A big fall in house building pushed the entire construction sector into contraction in August.

The Ai Group and Housing Industry Association Performance of Construction Index fell 5.0 points to 46.6 points in August, from 51.6 points in July.

With a level below 50 points, it indicates activity in the sector is winding down.

The biggest mover was house building, which slumped 13.8 points to 41.1 points in August.

Housing Industry Association chief economist Harley Dale said the residential construction cycle was peaking and the index suggests there is not enough non-residential building work to sustain the sector.

“New home construction has been the kingmaker of the Australian economy in recent years.
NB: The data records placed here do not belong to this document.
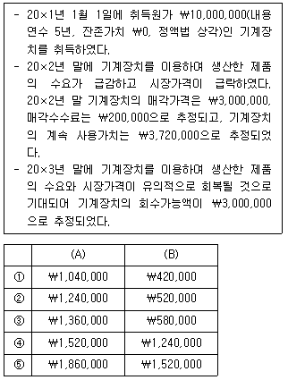 21. 다음은 (주)세관의 기계장치에 관한 자료이다. 20×3년도 감가상각비(A), 손상차손환입액(B)은 각각 얼마인가? (단, (주)세관은 기계장치에 대하여 원가모형을 채택하고 있다고 가정한다.)
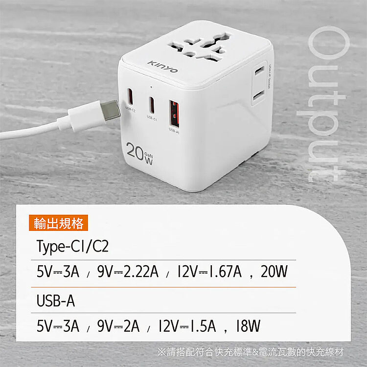 USB孔+2孔Tpye-C充電埠,最高輸出20W
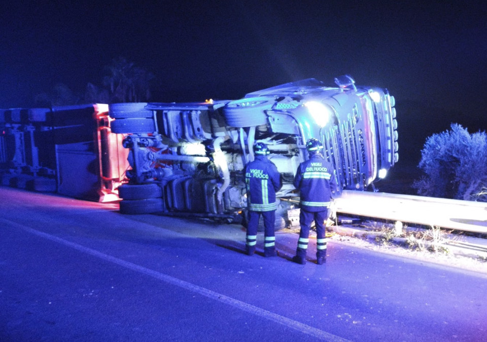 Intervento dei Vigili del Fuoco di Modica questa sera, intorno alle *21:20*, sulla *Strada Provinciale 49 Ispica–Pachino*, dove si è verificato un *incidente stradale autonomo* che ha coinvolto un *tir carico di ortaggi*.
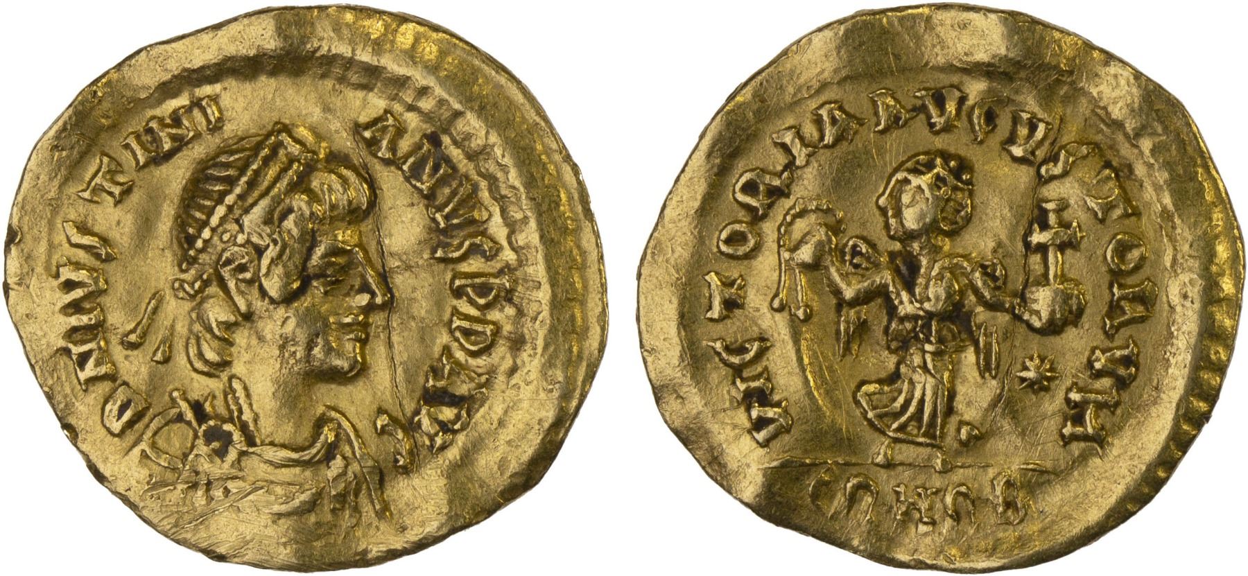 BYZANTINE EMPIRE: Justinian I, 527-565, AV tremissis (1.46g), Constantinople, SB-145, diademed, draped, and cuirassed bust right // Victory advancing right with head left, holding wreath and globus cruciger, star to right, small crease, lightly wavy flan, some hairlines, VF-XF.
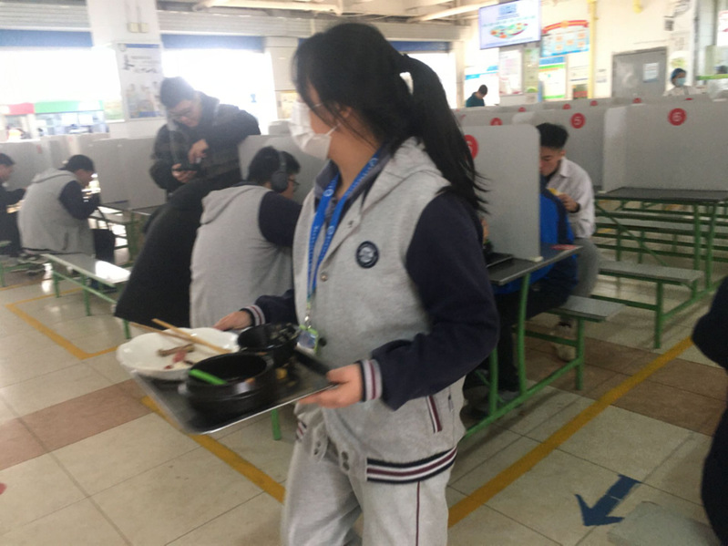 本次活动纯属自愿报名,卫生部的同学们积极报名,并按要求穿戴整齐、按时到达目的地——食堂。在所有人到齐后,部长宋小雯在食堂门口告诉了大家此次活动的详细内容——帮助叔叔阿姨们收拾餐盘,并合理分配了任务:宋小雯、朱升阳、朱玉航、倪健旸帮忙收餐盘,肖嘉怡、李梦雅负责拍照记录。
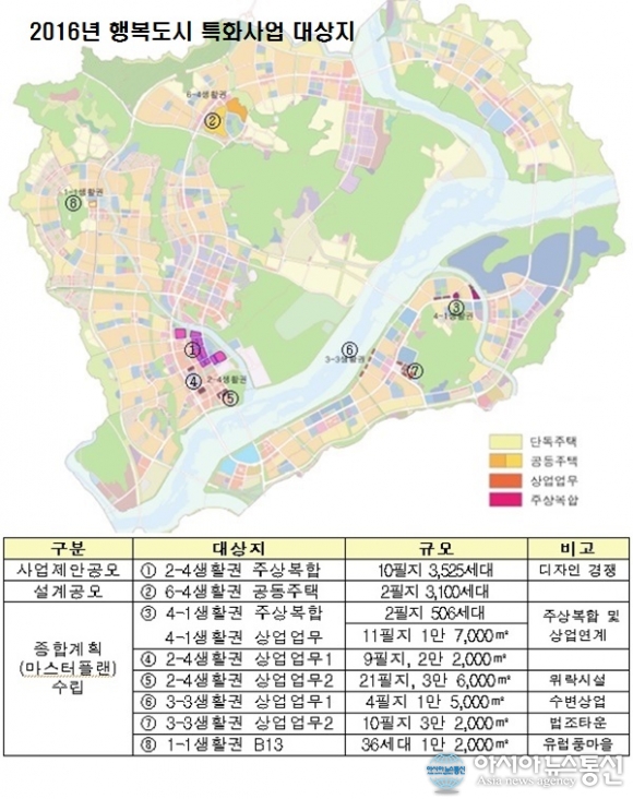 모집 대상사업은 6-4생활권 공동주택 설계공모, 2-4생활권 주상복합 사업제안공모, 2-4·3-3생활권 상업용지 건축디자인 향상방안 수립, 1-1생활권 유럽풍 단독주택단지 계획 수립 등 8개이다.?
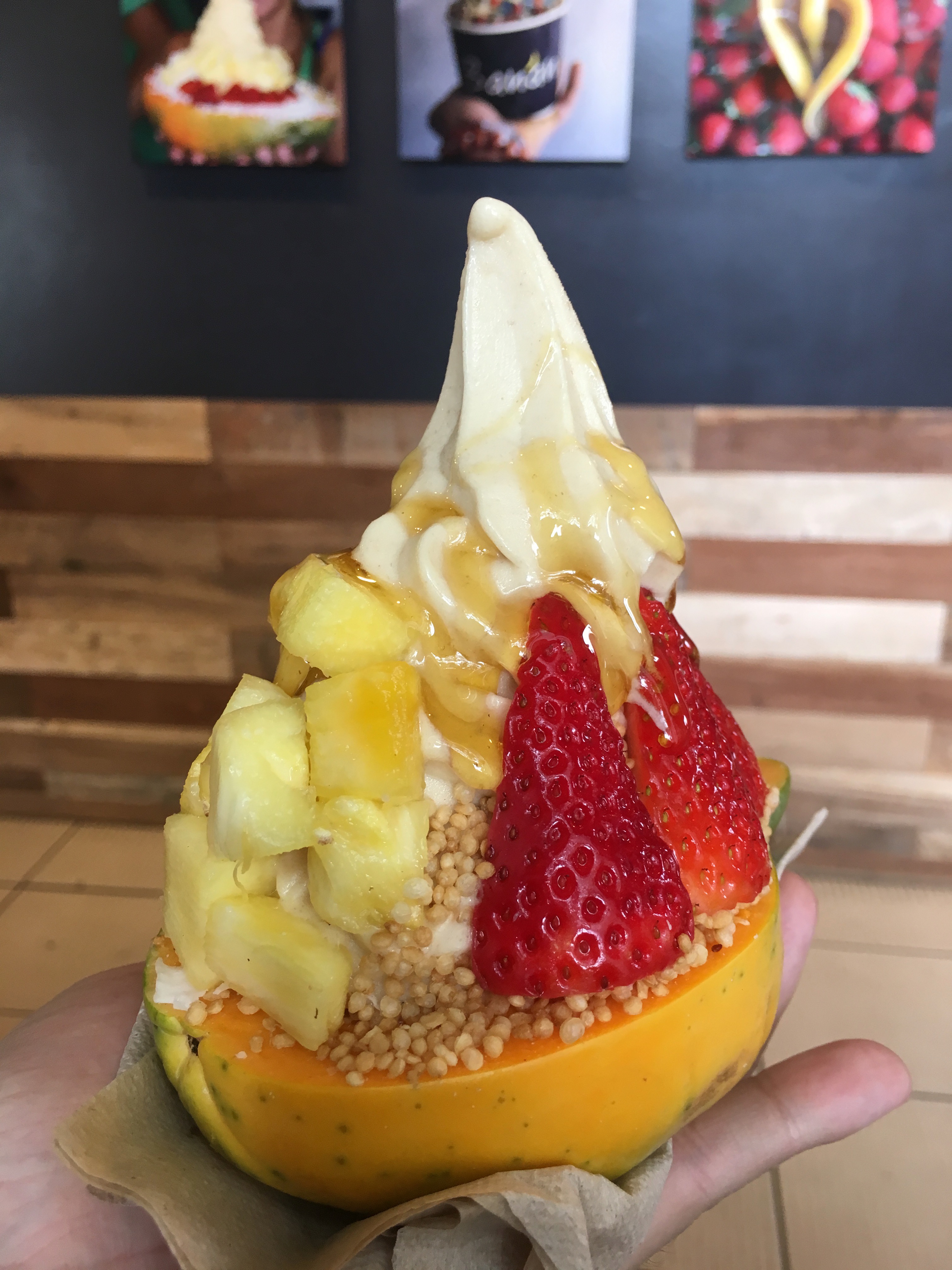 And just for k, we went to banan … That’s not ice cream, so much as whipped frozen banana … served with toppings … and served in a papaya. That’s right! In a papaya! g was loving it … (although I wished it was another one of those shaved ice concoctions, above …)

It’s a shame policy makers have failed to respect its importance,” he said in a statement.

“When new home construction inevitably peaks by 2016/17, people will look to a plan for further growth.

“Right now, there seems to be nothing, because housing is the convenient bedrock and nobody has the vision to look beyond the short term.”

Ai Group director of policy Peter Burn said the bad news about house building overshadowed positive growth in apartment, commercial and engineering construction in the month.

He also warned that the employment subindex, also now below the key 50 mark, had fallen to its lowest level in five months.

“Ominously for the near-term, alongside the fall in employment, both new orders and deliveries were negative for the sector as a whole,” Dr Burn added.